SNPs were selected from the publicly available database of human SNPs. The selected 
SNPs are from the group of SNPs that are present on Xbal fragments of 300 to 1000 base pairs. 
A computer system was used to predict fragments that would result when the human genome is 
digested with Xbal. Those fragments in a selected size range, 300-1000 base pairs, were 
selected for further analysis. Of those fragments those that carried a SNP were selected as 
potential target sequences. SNPs were selected from these potential target sequences and the 
selected SNPs are represented by SEQ ID NOS 1 - 124,031 and in Table 1. In some 
embodiments the present invention provides a pool of unique nucleotide sequences 
complementary to SNPs and sequence surrounding SNPs which alone, or in combinations of 2 
or more, 10 or more, 100 or more, 1,000 or more, 10,000 or more or 100,000 or more can be 
used for a variety of applications. 

In one embodiment, the present invention provides for a pool of unique nucleotide 
sequences which are complementary to Human SNPs and sequence surrounding SNPs formed 
into a high density array of probes suitable for array based massive parallel gene expression. 

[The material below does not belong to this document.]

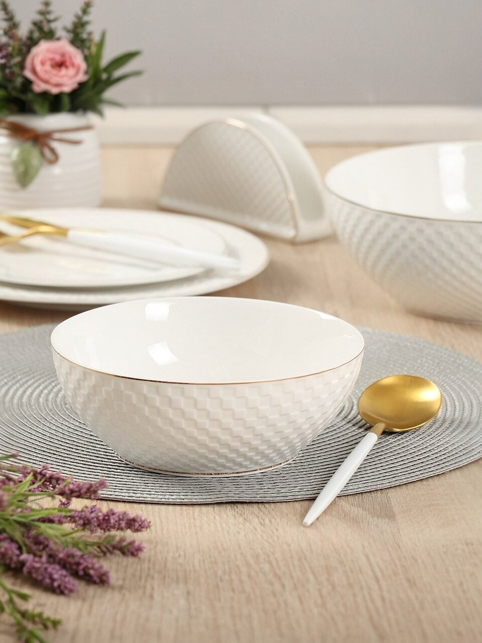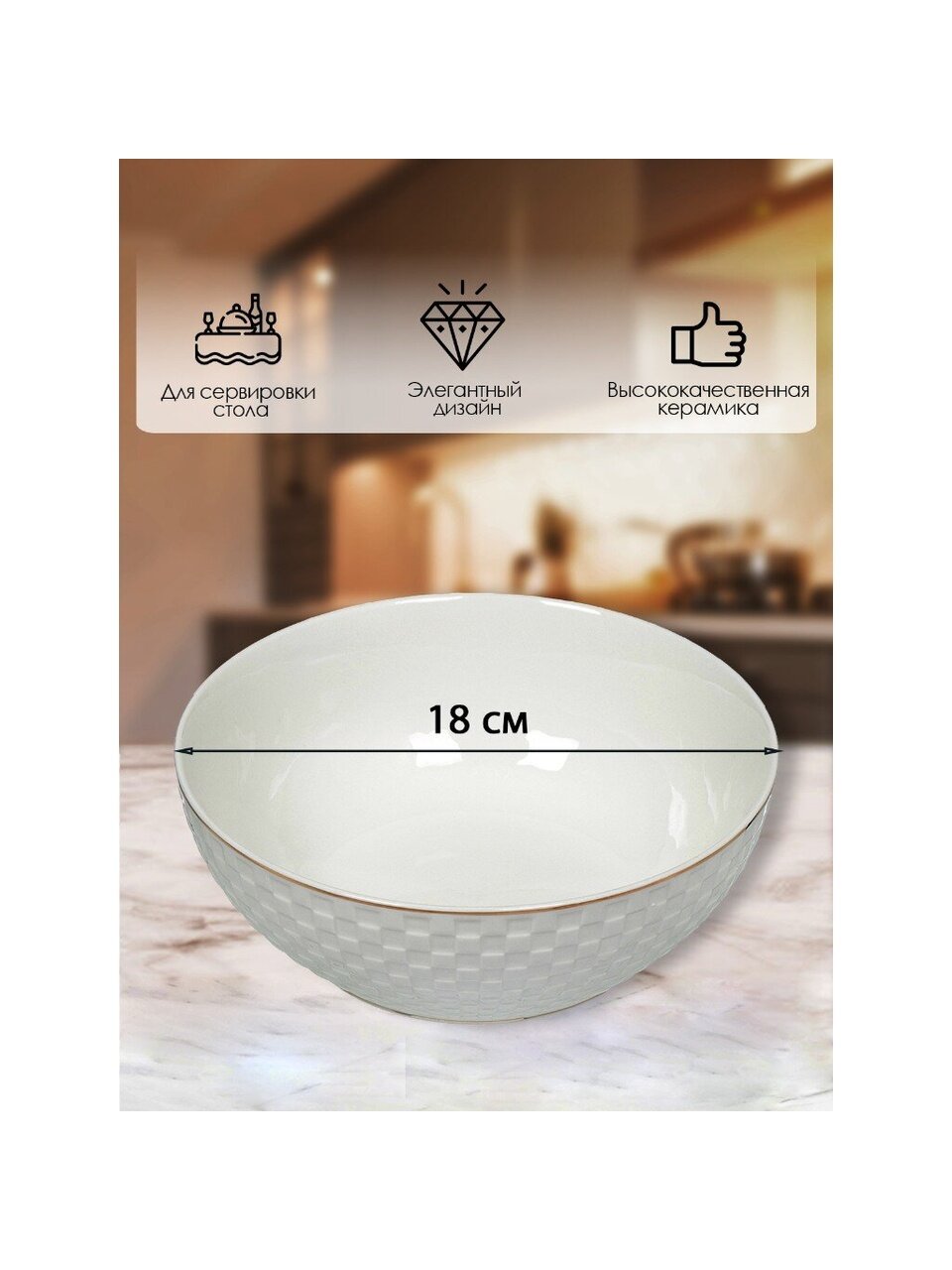- Элегантный дизайн с золотой окантовкой — акцент на премиальном внешнем виде, который выделяет салатник среди аналогов.

Array based methods for SNP analysis and genotyping are disclosed and discussed in detail in 
U.S. Patents 6,361,947 and 6,368,799 which are incorporated herein by reference for all 
purposes. Generally those methods of SNP analysis involve: (1) providing a pool of target 
nucleic acids comprising one or more target sequence(s), (2) amplifying a collection of target 
sequences, (3) hybridizing the amplified nucleic acid sample to a high density array of probes, 
and (4) detecting the hybridized nucleic acids and determining the presence or absence of one or 
more alleles for one or more SNPs.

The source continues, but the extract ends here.